Award-winning filmmaker, Sanjay Rawal, my guest today on Inside Ideas, is talking here about the criminal exploitation of Native Americans as the other half of that coin. Which he explores in his latest film, Gather: a story of Native American resiliency and the ongoing revival of their population’s spiritual, political and cultural identities through food sovereignty.

“Gather is based on the concept of food sovereignty,” he said. “Which is a much deeper idea than food access, or food security. Food security is the availability of calories at an affordable cost. Food sovereignty is communities exercising their rights to have the types of food that they want. Food sovereignty requires community and means we don’t just think about the producers, we think about the people working in the fields, that are working in the meat packing plants, that are working in the grocery system, that are working in the supply chain. If any one of those nodes experiences a shock an entire system is turned upside down.”

When the covid pandemic struck the shock quickly revealed the depth of inequity across all communities in America.

“It showed that those who can afford food face few difficulties but that communities that don’t underpin the economics of the system – like my neighbourhood in Queens, they find themselves in dire straits.”

In Gather, Sanjay follows the story of Native Americans, who have faced countless shocks to their way of life, perpetrated by countries intent on stealing their resources. In a savage process where systems were set up to the detriment of indigenous populations in North America.

Gather was released digitally in the US and Canada in September last year, at a time when the world was watching the shocking and deadly scale of America’s systemic racism issues play out live on their TV screens. The connections between this story and that of Native Americans is laid bare in Gather.

“The film came out just after the summer and the renewed focus on Black Lives Matter; and George Floyd’s murder, Ahmaud Arbery’s murder, Breonna Taylor’s murder, and we were able to basically connect the Black Lives Matter movement with Native resiliency,” Sanjay said. “In the sense that America’s traditional agricultural and colonial systems of cash crops required the brutal enslavement of people from west Africa who were primarily agricultural experts.”

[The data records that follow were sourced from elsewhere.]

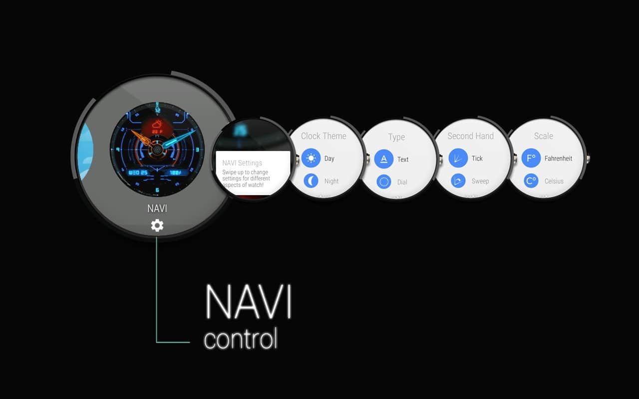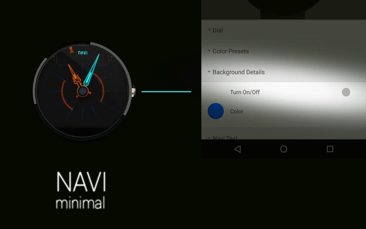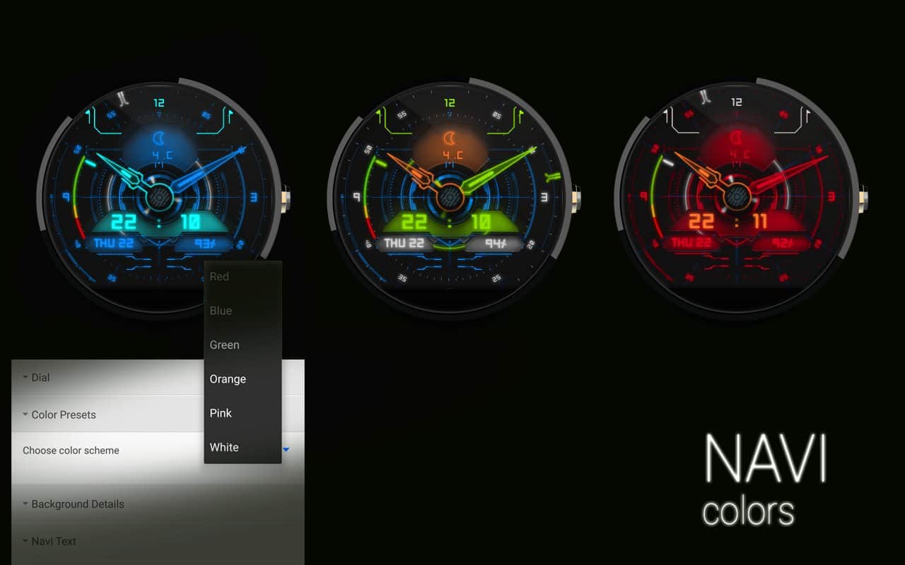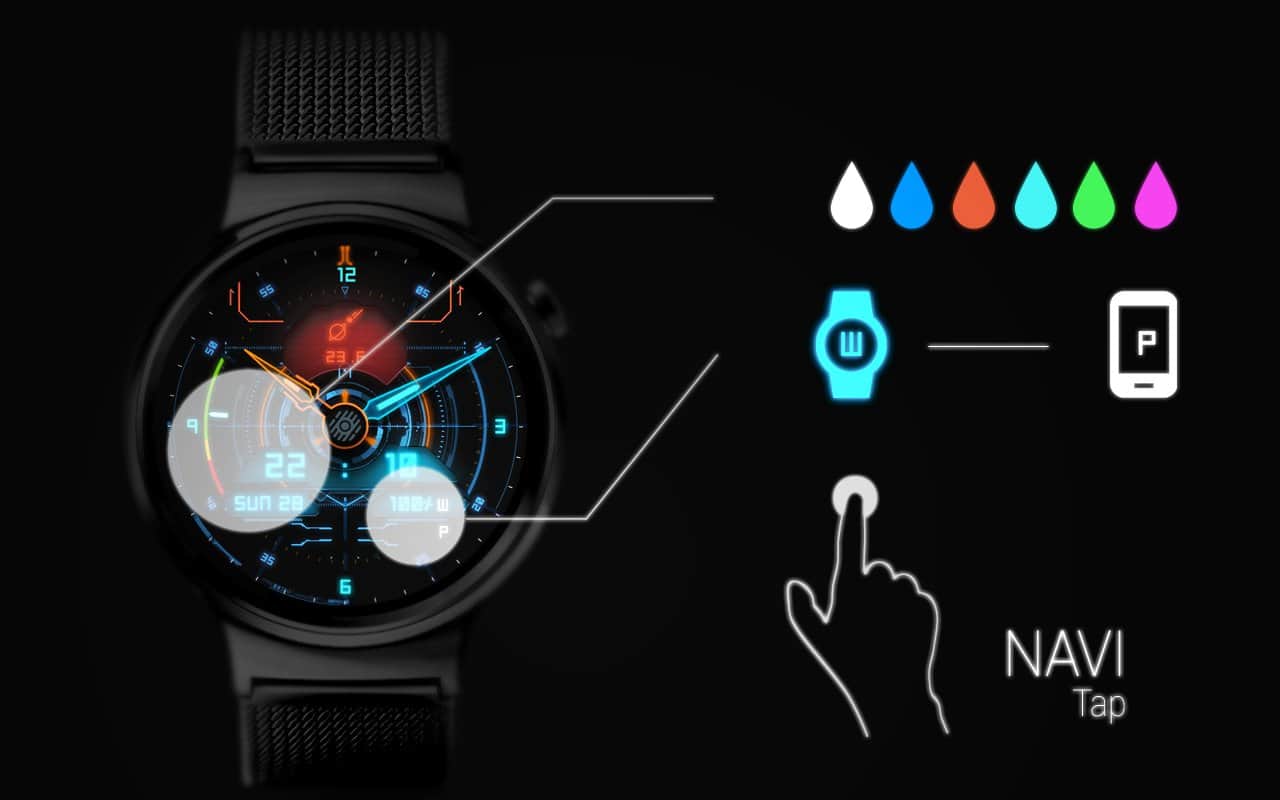 Прекрасний, наповнений дрібними деталями і яскравими квітами циферблат здатний прикрасити будь-які годинники. NAVI це аналоговий вотчфейс з парою стрілок і невеликим індикатором секунд, він дає можливість вибрати одне з декількох запропонованих колірних поєднань, а на екран буде винесена інформація про погоду, рівень заряду батареї, дату та, звичайно ж, поточному часу. Крім того, в програмі безліч гнучких налаштувань.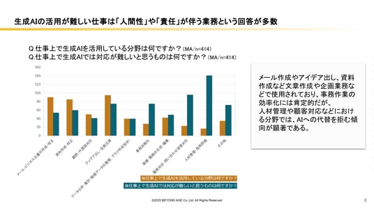 生成AIの活用が難しい仕事は「人間性」や「責任」が伴う業務という回答が多数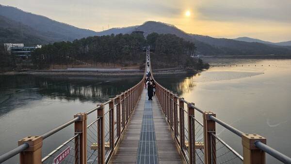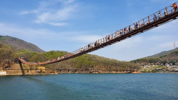 파주 광탄면 기산리에는 출렁다리와 데크 둘레길 풍경이 멋진 마장호수가 있습니다.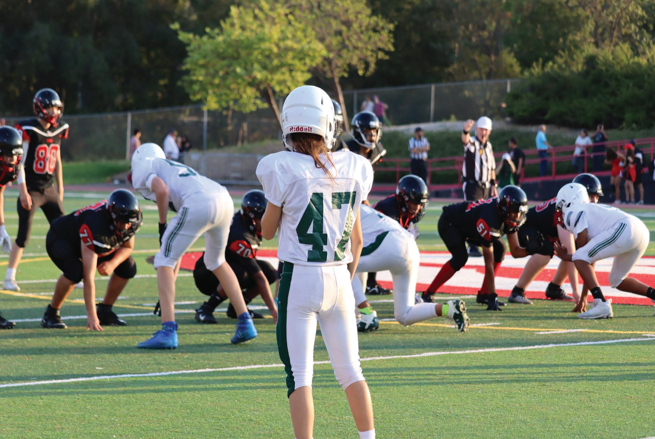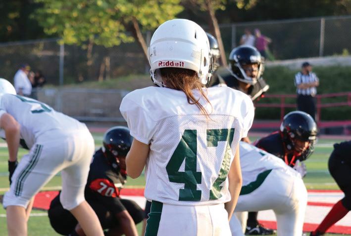 Freshman Lara Saslow, the jack of all trades for the JV football team, is quickly setting a new standard. She is swiftly changing the spectrum of the sport as she learns the game.brings to the field. He enjoys that she rises up to the challenge and the size differences and does not back down from it.

Sanjay continued: “Last summer a series of protests really educated people on the legacy of this slavery within institutions in the US today. From loan systems red lining to – of course, law enforcement. We made the case that the obverse of that coin of labour in the original agricultural economy was land. That land was not unoccupied, it was not wilderness. It was a careful, interconnected series of Native American farms and harvesting and foraging areas. To the degree that now 70% of the variety in global food came from scientists in the Western Hemisphere taken from indigenous people: from corn, beans, potatoes, to tomatoes. As people were beginning to understand the inequity that created the conditions for African Americans in America, from a structural standpoint, our film provided the other half of that.”

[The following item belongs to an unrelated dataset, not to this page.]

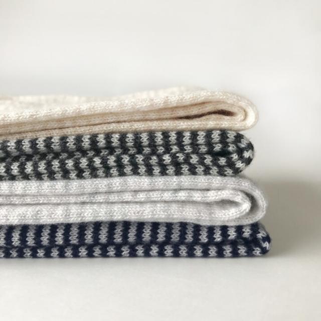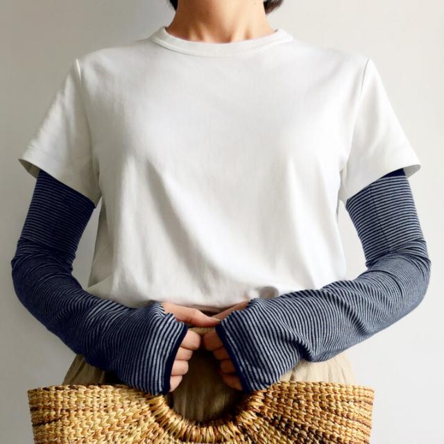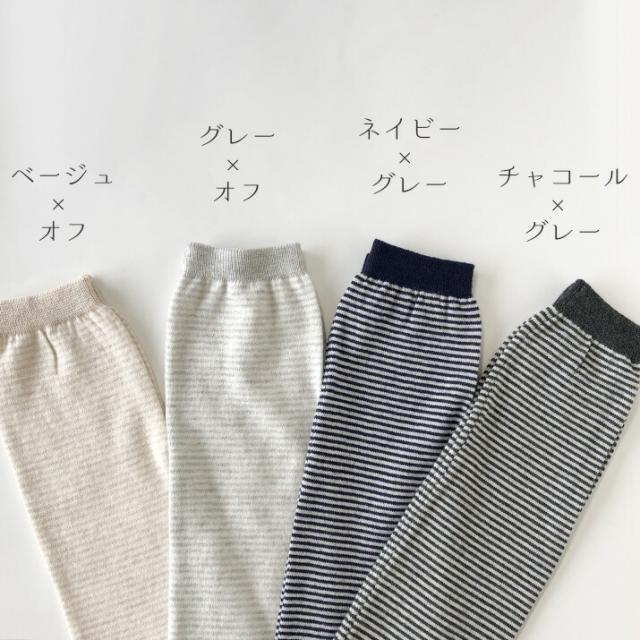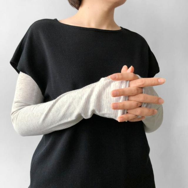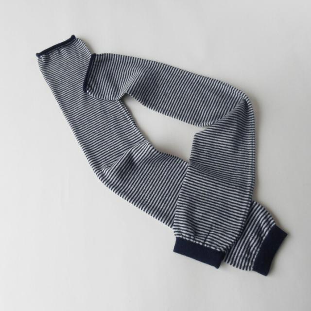 しなやかで上品なやわらかさを持つカシミヤのぬくもりと、なめらかな肌触りが自慢の超長綿の快適さ。天然繊維のメリットをあわせ持ったボーダー柄のアームカバーです。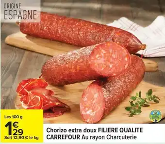 Chorizo extra doux filiere qualite carrefour offres et promotions en ligne chez Carrefour

I am delighted to have Sanjay on the show to discover more about what this important film can teach us about the global pursuit for resiliency.

Sanjay Rawal

Sanjay is a James Beard Award winning filmmaker. He made FOOD CHAINS (EP Eva Longoria, Eric Schlosser) which chronicled the battle of the Coalition of Immokalee Workers, a small group of Oaxacan and Chiapan indigenous farmworkers in Florida, against the largest agribusiness conglomerates in the world. The film was released theatrically in a number of countries (Screen Media in the US) and won numerous awards – including citations from the US Conference of Mayors, the Clinton Global Initiative and the White House. The film was also a Winner (shared) of the 2016 BritDoc Impact award and several festival prizes.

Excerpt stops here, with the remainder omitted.